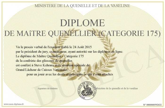 Envoyez par email votre Diplôme de Maître Quenellier (catégorie 175) personalisé
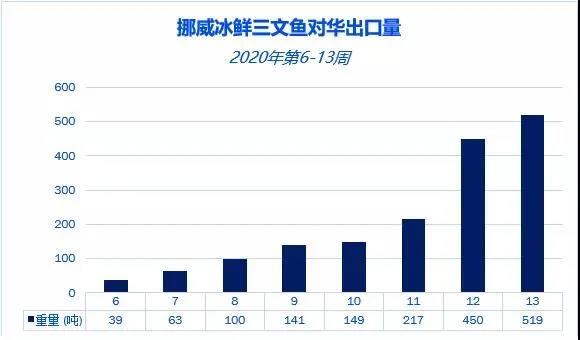 截至今年前三个月,挪威三文鱼对华出口量共3,833吨,同比下降38%。今年第13周, 挪威向中国出口了519吨冰鲜三文鱼,较前一周增长15%。此外,第12周的出口量较11周翻番。
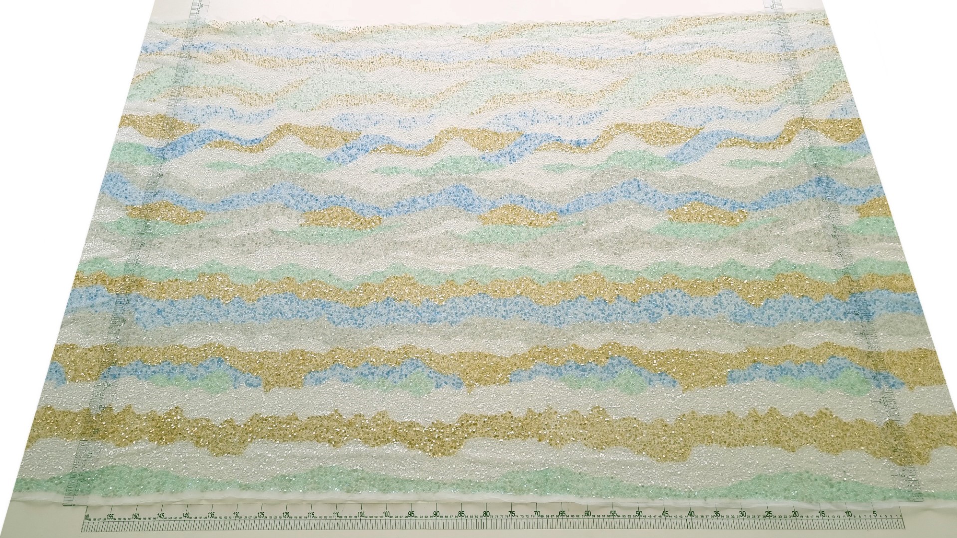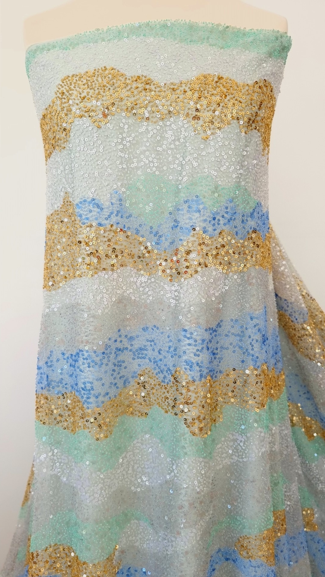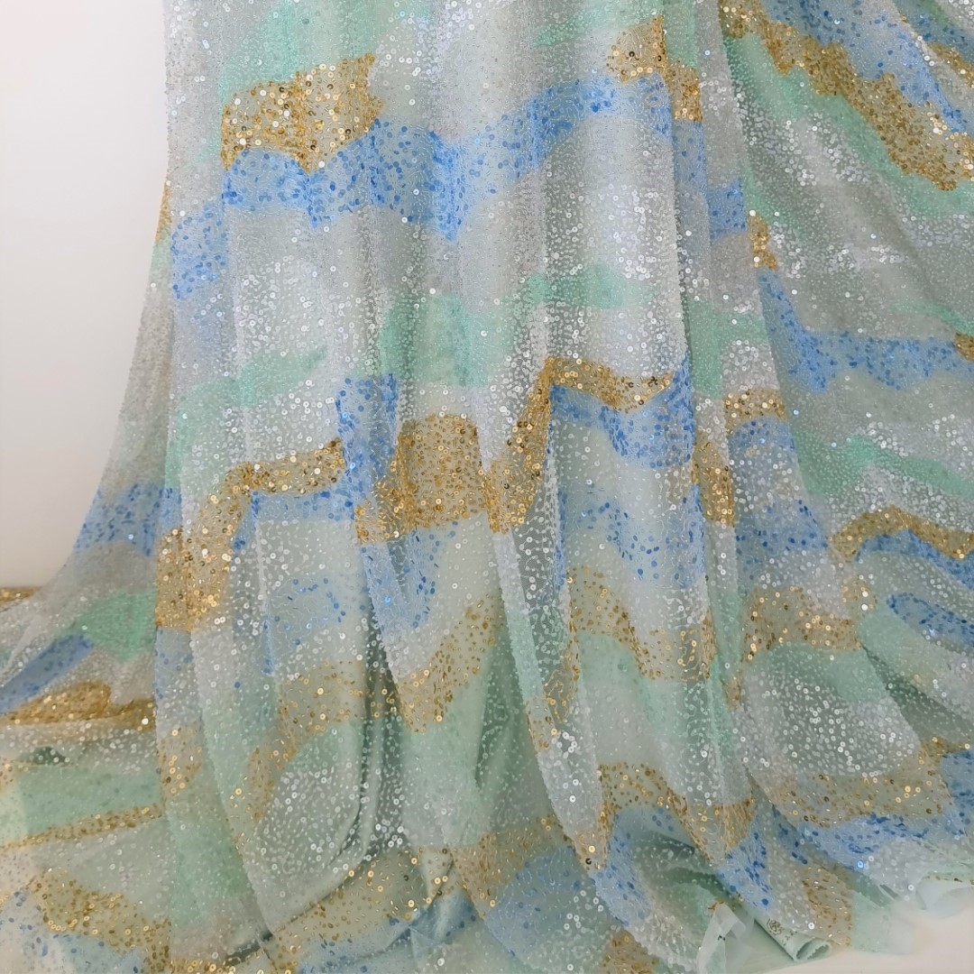 Accesoriile sunt: micropaiete si margele tubulare aurii, ivoire, verde pal si bleu, cusute manual pe tulle ivory, usor elastic.
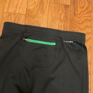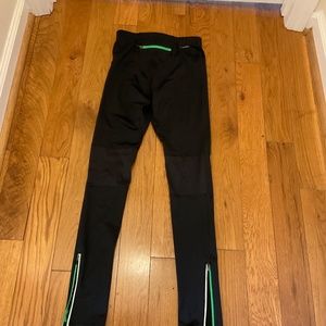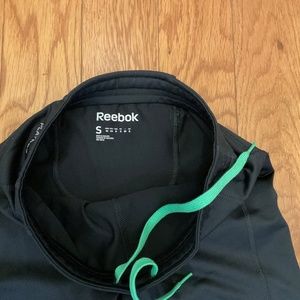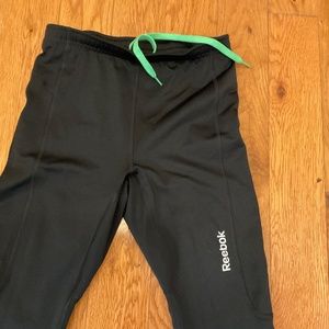 Men's Reebok Play Dry Black Running Pants, Size S. 88% polyester, 12% spandex. Elastic at waist with bright green drawstring. Small zippered pocket at center back. Reflective zippered openings at ankles. Made for a snug fit. Slim fit. Could also be used as a woman's.
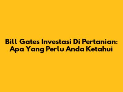Bill Gates Investasi Di Pertanian: Apa Yang Perlu Anda Ketahui
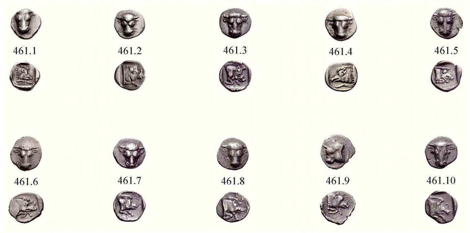 Multiple Lots. Lot of ten Phokis obols (includes two struck at Nikaia), 5th century BC. Very fine or better. 461.1: 1.03 g., 7¢. Acquired from Spink’s, April 1997, for £ 120. Dies not in Williams but part of the earliest issue of obols such as lots 171 ff above. 461.2: 0.94 g., 12¢. Williams 33 (O.25 / R.21). 461.3: 0.90 g., 12¢. Ex Spink 68 (22 March 1989) lot 63 (part). Williams - (O.- / R.58). The obverse is similar to O.67. Williams post 92. 461.4: 0.89 g., 10¢. Williams 134 corr. (O.94 / R.79). [SNG Lockett 1713 is clearly O.94 / R.79 and not O.95 / R.79]. This coin should therefore be Williams 133 bis. 461.5: 0.95 g., 7¢. Williams 177 (O.125 / R.108). 461.6: 1.03 g., 9¢. Williams 210 (O.151 / R.124). 461.7: 0.96 g., 8¢. Williams 222 (O.158 / R.130). 461.8: 0.89 g., 4¢. Williams 269 (O.193 / R.159). 461.9: 0.75 g., 3¢. Not in Williams but the obverse from the same hand as O.196 and O.197 and the reverse from the same hand as R.165. Obviously a coin of Nikaia. Williams post 274. 461.10: 0.87 g., 12¢. Acquired in June 1980 from Professor H. C. Lindgren who purchased it in 1968 while in Athens. Dies not in Williams but style similar to section 19 (see R.164) and therefore a coin of Nikaia. Williams post 282. A group of choice Phokian obols, some of them very attractive indeed.
***
TASK ITEM »
Instructions for the copy: start at the first entry, stop after the line containing "Bill Gates Investasi", keep every line exact, and drop the pictures.

FINISHED EXERCISE »
 Envoyez par email votre Diplôme de Maître Quenellier (catégorie 175) personalisé
 截至今年前三个月,挪威三文鱼对华出口量共3,833吨,同比下降38%。今年第13周, 挪威向中国出口了519吨冰鲜三文鱼,较前一周增长15%。此外,第12周的出口量较11周翻番。
 Accesoriile sunt: micropaiete si margele tubulare aurii, ivoire, verde pal si bleu, cusute manual pe tulle ivory, usor elastic.
 Men's Reebok Play Dry Black Running Pants, Size S. 88% polyester, 12% spandex. Elastic at waist with bright green drawstring. Small zippered pocket at center back. Reflective zippered openings at ankles. Made for a snug fit. Slim fit. Could also be used as a woman's.
Bill Gates Investasi Di Pertanian: Apa Yang Perlu Anda Ketahui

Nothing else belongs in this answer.